Given how much control Chaplin had on his films, Quint hopes that if he could hear the record, Chaplin would like it for one simple reason.

“One of the big challenges in putting these arrangements together was to preserve the simplicity of his music. In other words, not create some impossible Pagannini-like arrangements.”

When he was writing scores for his film, Chaplin favored the violin. Which comes in handy for a musician like Quint.

“He played the violin left-handed. He loved the violin. Lucky me! Just two weeks ago I got to hold that violin. It’s the violin he purchased when he was 16 years old and you can see it in The Vagabond. Of course I could not play a note because it is set-up in reverse. Besides, it was way too precious.”

The only way an experience like that could happen is through the support of Chaplin’s family – which Quint has.

“I’m now close friends with his granddaughter, Kiera, who is trying to preserve his legacy. She described how strict he was with his family and children and grandchildren, but family and home were essential ingredients of his life. Also I understand he was very sincere and very loving and very generous with his emotions and financially. I feel I have gotten to know him as a man and a composer.”

Philippe Quint celebrates Charlie Chaplin's Music
Charlie Chaplin in “A Dog’s Life” (Photo courtesy of the NYPL Archives)
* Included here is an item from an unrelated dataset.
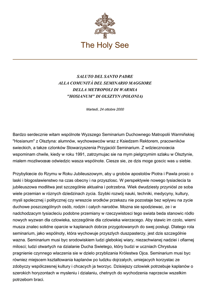 The Holy See SALUTO DEL SANTO PADRE ALLA COMUNITÀ DEL SEMINARIO MAGGIORE DELLA METROPOLI DI WARMIA "HOSIANUM" DI OLSZTYN (POLONIA) Martedì, 24 ottobre 2000 Bardzo serdecznie witam wspólnote Wyzszego Seminarium Duchownego Matropolii Warmiñskiej "Hosianum" z Olsztyna: alumnów, wychowawców wraz z Ksiedzem Rektorem, pracowników swieckich, a takze czlonków Stowarzyszenia Przyjaciól Seminarium. Z wdziecznoœcia wspominam chwile, kiedy w roku 1991, zatrzymujac sie na mym pielgrzymim szlaku w Olsztynie, mialem mozliwoœæ odwiedzic wasza wspólnote. Ciesze sie, ze dzis moge goscic was u siebie. Przybyliœcie do Rzymu w Roku Jubileuszowym, aby u grobów apostolów Piotra i Pawla prosic o laski i blogoslawienstwo na czas obecny i na przyszlosc. W perspektywie nowego tysiaclecia ta jubileuszowa modlitwa jest szczególnie aktualna i potrzebna. Wiek dwudziesty przyniósl ze soba wiele przemian w róznych dziedzinach zycia. Szybki rozwój nauki, techniki, medycyny, kultury, mysli spolecznej i politycznej czy wreszcie srodków przekazu nie pozostaje bez wplywu na zycie duchowe poszczególnych osób, rodzin i calych narodów. Mozna sie spodziewac, ze i w nadchodzacym tysiacleciu podobne przemiany w rzeczywistosci tego swiata beda stanowic ródlo nowych wyzwan dla czlowieka, szczególnie dla czlowieka wierzacego. Aby stawic im czolo, wierni musza znalec solidne oparcie w kaplanach dobrze przygotowanych do swej poslugi. Dlatego rola seminarium, jako wspólnoty, która wychowuje przyszlych duszpasterzy, jest dzis szczególnie wazna. Seminarium musi byc srodowiskiem ludzi glebokiej wiary, niezachwianej nadziei i ofiarnej milosci; ludzi otwartych na dzialanie Ducha Swietego, który budzi w uczniach Chrystusa pragnienie czynnego wlaczenia sie w dzielo przyblizania Królestwa Ojca. Seminarium musi byc równiez miejscem ksztaltowania kaplanów po ludzku dojrzalych, umiejacych korzystac ze zdobyczy wspólczesnej kultury i chcacych ja tworzyc. Dzisiejszy czlowiek potrzebuje kaplanów o szerokich horyzontach w mysleniu i dzialaniu, chetnych do wychodzenia naprzeciw wszelkim potrzebom braci. 2 Seminarium Warminskie cieszy sie dluga tradycja. W tym roku mija 435 lat od powolania przez Slugê Bozego Kardynala Stanislawa Hozjusza, tego pierwszego na polskiej ziemi Seminarium Duchownego z siedziba w Braniewie. Trudno objac w kilku zdaniach cala historie instytucji, dzieje ludzi, którzy ja tworzyli i dzielo kaplanów, którzy z niej wyszli. Niech zatem wystarczy wspomnienie ks. Wladyslawa Demskiego, którego dane mi bylo wyniesc do chwaly oltarzy posród 108 meczenników. Ten bohaterski kaplan, który wyszedl z waszego Seminarium, oddal swoje zycie za Prawde, broniac krzyza Chrystusa i wiary chrzescijanskiej. Niech jego swiadectwo bedzie dla was wszystkich wzorem i umocnieniem na drodze powolania. Modle sie, aby ten posiew krwi nieustannie wydawal owoce w postaci nowych powolan do kaplanstwa w Archidiecezji Warminskiej. Prosze Boga, aby w czasie tej jubileuszowej pielgrzymki obdarzyl was wielorakimi laskami. Chrystus, Najwyzszy i Wieczny Kaplan, niech was prowadzi w nowe tysiaclecie i niech wam blogoslawi! © Copyright - Libreria Editrice Vaticana

To be who he was and accomplish all he did, Chaplin had to be a dreamer. As he wrote in his auto-biography, “There are mystics who believe that our existence is a half-dream and that it is difficult to know where the dream ends and reality begins. Thus is was with me.” An idea that Quint can relate to.

“This is what I love. 50% of our lives we spend dreaming and so we don’t know what reality is. Certainly performing for me, especially in the last decade, has become a supernatural multi-dimensional experience where my physical body is on stage, but my soul and my mind are really elsewhere. I would equate performing to a dream.”

He concludes by paraphrasing another quote by the great filmmaker, “We think too much and we feel too little.”*

Photo of Philippe Quint by Isi Akahome/Courtesy of the Artist

*The full quote: “We think too much and feel too little. More than machinery, we need humanity; more than cleverness, we need kindness and gentleness. Without these qualities, life will be violent and all will be lost.”